TASK TO CARRY OUT: Repeat the data as given. Images do not go in the copy.

DATA FOR THIS EXERCISE:
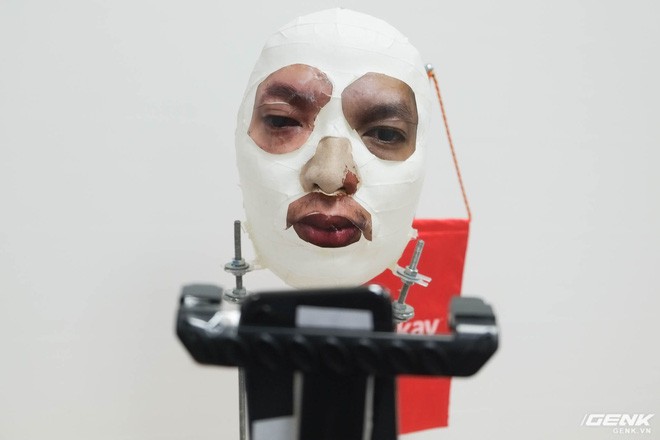 CEO Nguyễn Tử Quảng chia sẻ sau buổi họp báo: “Chắc các bạn đều thắc mắc là tại sao chiếc mặt nạ này chỉ có một số chi tiết được dán ảnh, còn toàn bộ phần còn lại dán băng dính trắng, vì sao lại không phủ toàn bộ chiếc mặt nạ giống như khuôn mặt người thật. Bởi nếu làm vậy AI sẽ phân biệt được đâu là mặt giả và đâu là mặt thật”.
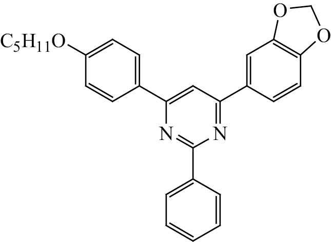 4-(Бензо[d][1, 3]диоксол-5-ил)-6-[4-(пентилокси)фенил]-2-фенилпиримидин (16). Выход 40%, т. пл. 105–107°С. ИК спектр, ν, см–1: 1607, 1589. Спектр ЯМР 1H, δ, м. д. (J, Гц): 0.98 т (3H, CH3, J 7.0), 1.37–1.55 м (4H, CH2), 1.82 уш. квинтет (2H, CH2, J 6.4), 4.04 т (2H, ОCH2, J 6.4), 6.09 с (2H, ОCH2О), 6.96 д (1Н, C6H3, J 8.2), 6.97–7.02 м (2Н, C6H4ОC5H11), 7.43–7.54 м (3Н, m,p-C6H5), 7.92–8.01 м (2Н, C6H3), 8.10 уш. с (1Н, =CH), 8.31–8.36 м (2Н, C6H4), 8.61–8.67 м (2Н, o-C6H5). Cпектр ЯМР 13С, δC, м. д.: 13.6 (CH3), 21.8 (CH2), 27.6 (CH2), 28.3 (CH2), 67.2 (ОCН2), 101.0 (ОCН2О), 107.0, 107.7 (CH), 108.1 (CH), 113.9 (2CH), 121.5 (CH), 127.6 (2CH), 127.7 (2CH), 128.4 (2CH), 128.9, 129.7 (CH), 131.1, 137.8, 147.8, 149.3, 160.8, 162.8, 162.9, 163.2. Найдено, %: C 76.58; H 5.95; N 6.37. C28H26N2O3. Вычислено, %: C 76.69; H 5.98; N 6.39.
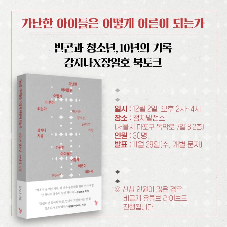 [홍보] 『가난한 아이들은 어떻게 어른이 되는가』 출간 기념 북토크
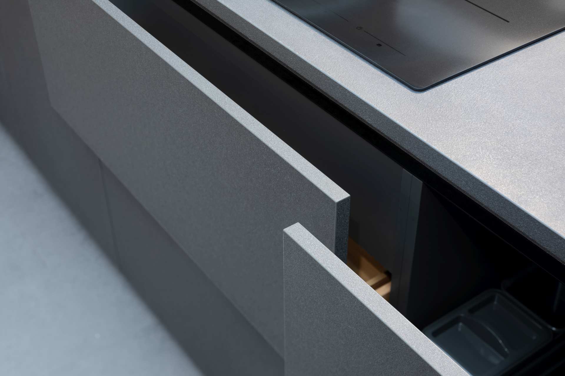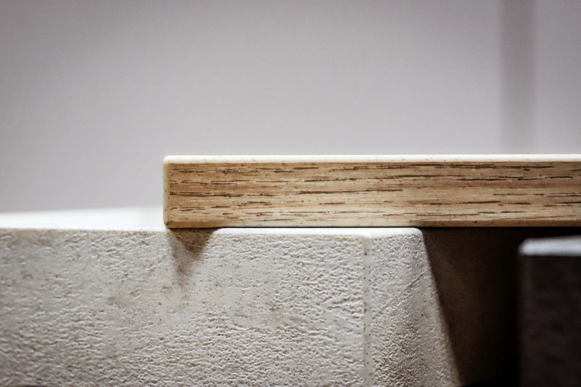 Materiał, z którego firma REHAU produkuje te obrzeża zawiera zatopione ziarna pigmentu. Są one widoczne również po fazowaniu krawędzi, co nadaje projektom realistycznego wyglądu. RAUKANTEX pigmento najlepiej sprawdza się w zestawieniu z płytami imitującymi beton, ceramikę lub powierzchnie kamienne.
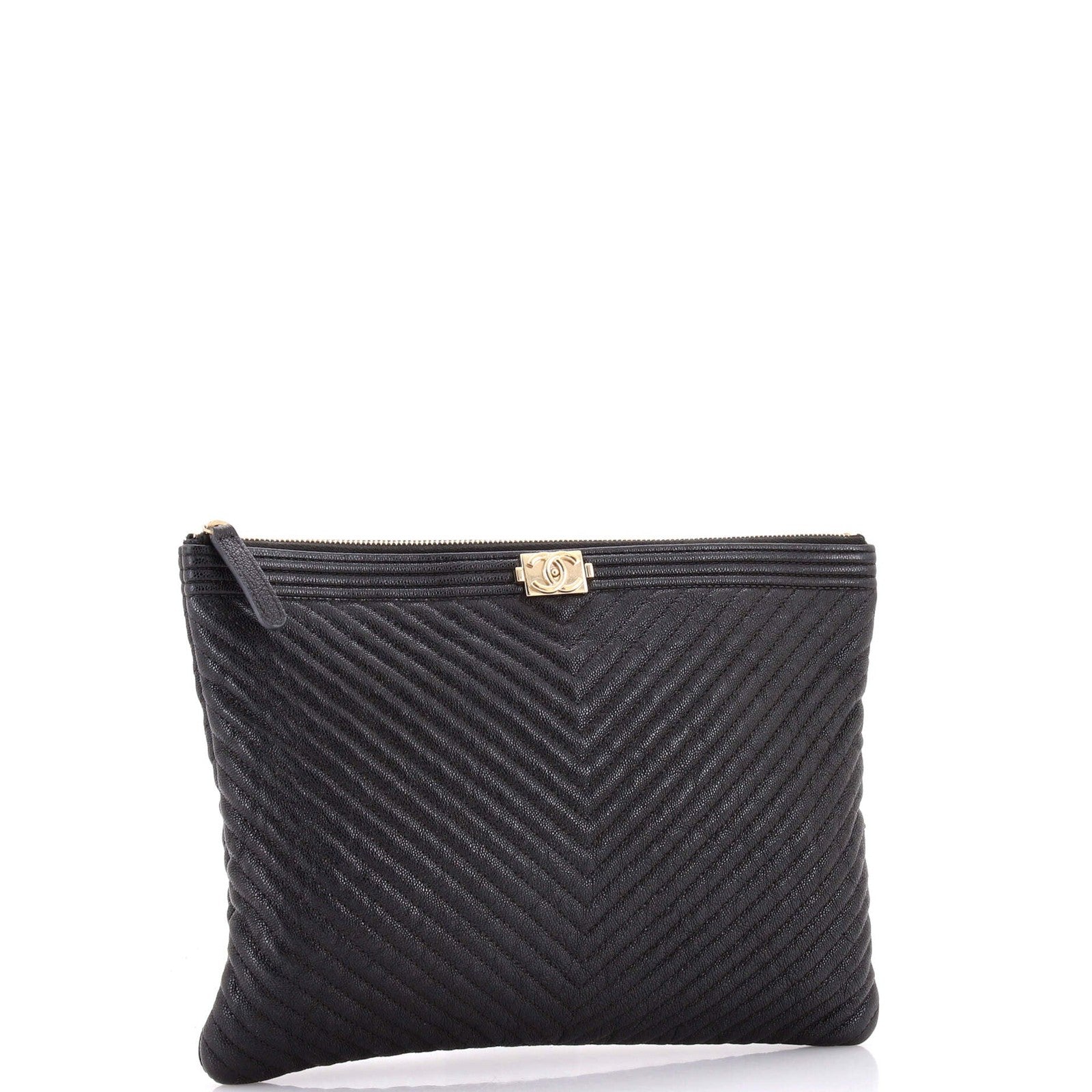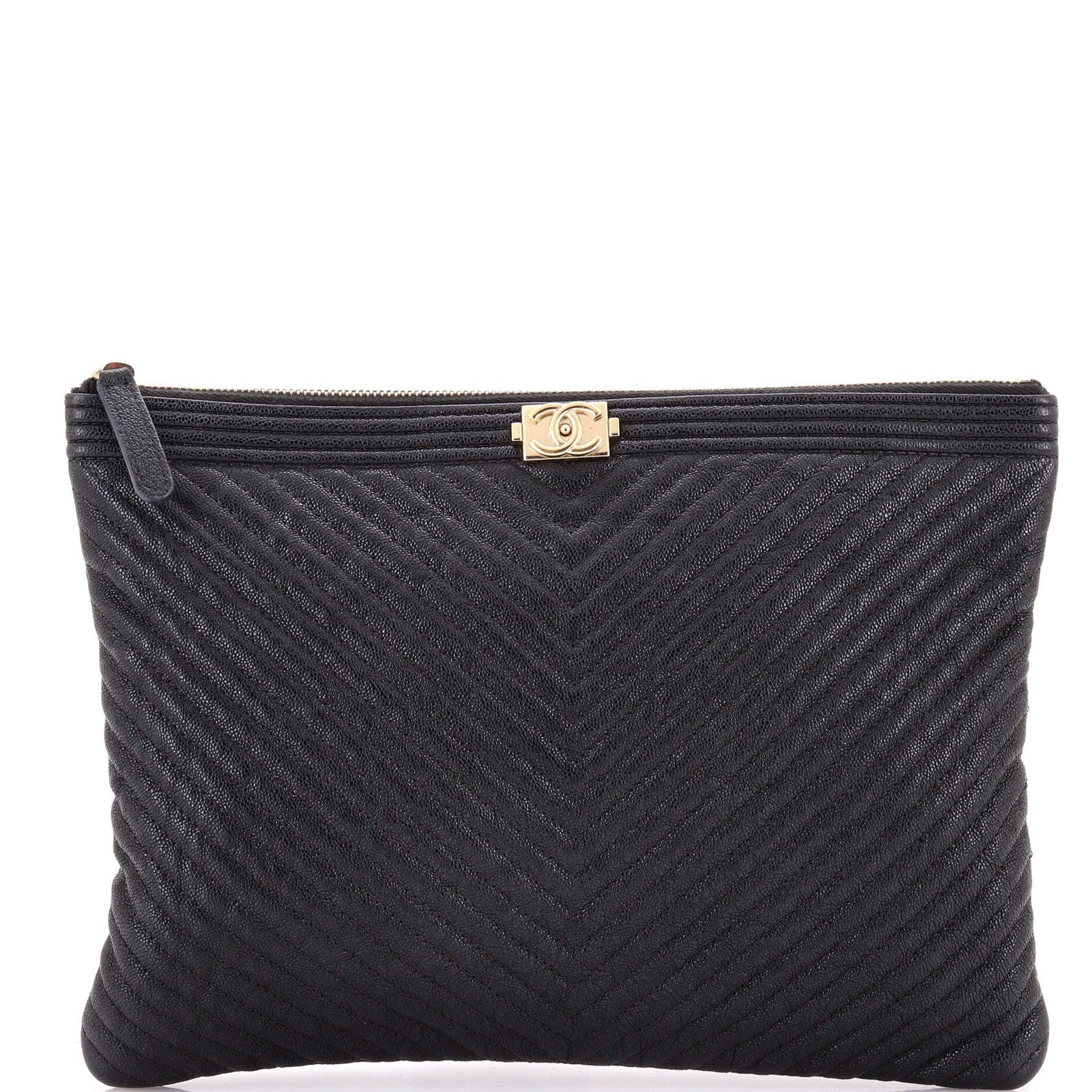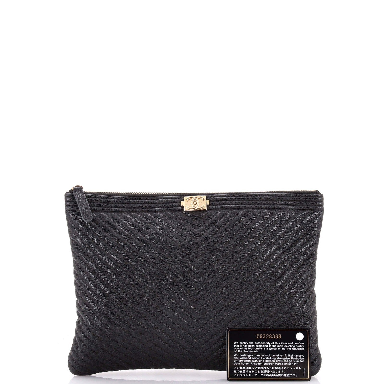 Chanel Boy O Case Clutch Chevron Caviar Medium

YOUR SOLUTION:
 CEO Nguyễn Tử Quảng chia sẻ sau buổi họp báo: “Chắc các bạn đều thắc mắc là tại sao chiếc mặt nạ này chỉ có một số chi tiết được dán ảnh, còn toàn bộ phần còn lại dán băng dính trắng, vì sao lại không phủ toàn bộ chiếc mặt nạ giống như khuôn mặt người thật. Bởi nếu làm vậy AI sẽ phân biệt được đâu là mặt giả và đâu là mặt thật”.
 4-(Бензо[d][1, 3]диоксол-5-ил)-6-[4-(пентилокси)фенил]-2-фенилпиримидин (16). Выход 40%, т. пл. 105–107°С. ИК спектр, ν, см–1: 1607, 1589. Спектр ЯМР 1H, δ, м. д. (J, Гц): 0.98 т (3H, CH3, J 7.0), 1.37–1.55 м (4H, CH2), 1.82 уш. квинтет (2H, CH2, J 6.4), 4.04 т (2H, ОCH2, J 6.4), 6.09 с (2H, ОCH2О), 6.96 д (1Н, C6H3, J 8.2), 6.97–7.02 м (2Н, C6H4ОC5H11), 7.43–7.54 м (3Н, m,p-C6H5), 7.92–8.01 м (2Н, C6H3), 8.10 уш. с (1Н, =CH), 8.31–8.36 м (2Н, C6H4), 8.61–8.67 м (2Н, o-C6H5). Cпектр ЯМР 13С, δC, м. д.: 13.6 (CH3), 21.8 (CH2), 27.6 (CH2), 28.3 (CH2), 67.2 (ОCН2), 101.0 (ОCН2О), 107.0, 107.7 (CH), 108.1 (CH), 113.9 (2CH), 121.5 (CH), 127.6 (2CH), 127.7 (2CH), 128.4 (2CH), 128.9, 129.7 (CH), 131.1, 137.8, 147.8, 149.3, 160.8, 162.8, 162.9, 163.2. Найдено, %: C 76.58; H 5.95; N 6.37. C28H26N2O3. Вычислено, %: C 76.69; H 5.98; N 6.39.
 [홍보] 『가난한 아이들은 어떻게 어른이 되는가』 출간 기념 북토크
 Materiał, z którego firma REHAU produkuje te obrzeża zawiera zatopione ziarna pigmentu. Są one widoczne również po fazowaniu krawędzi, co nadaje projektom realistycznego wyglądu. RAUKANTEX pigmento najlepiej sprawdza się w zestawieniu z płytami imitującymi beton, ceramikę lub powierzchnie kamienne.
 Chanel Boy O Case Clutch Chevron Caviar Medium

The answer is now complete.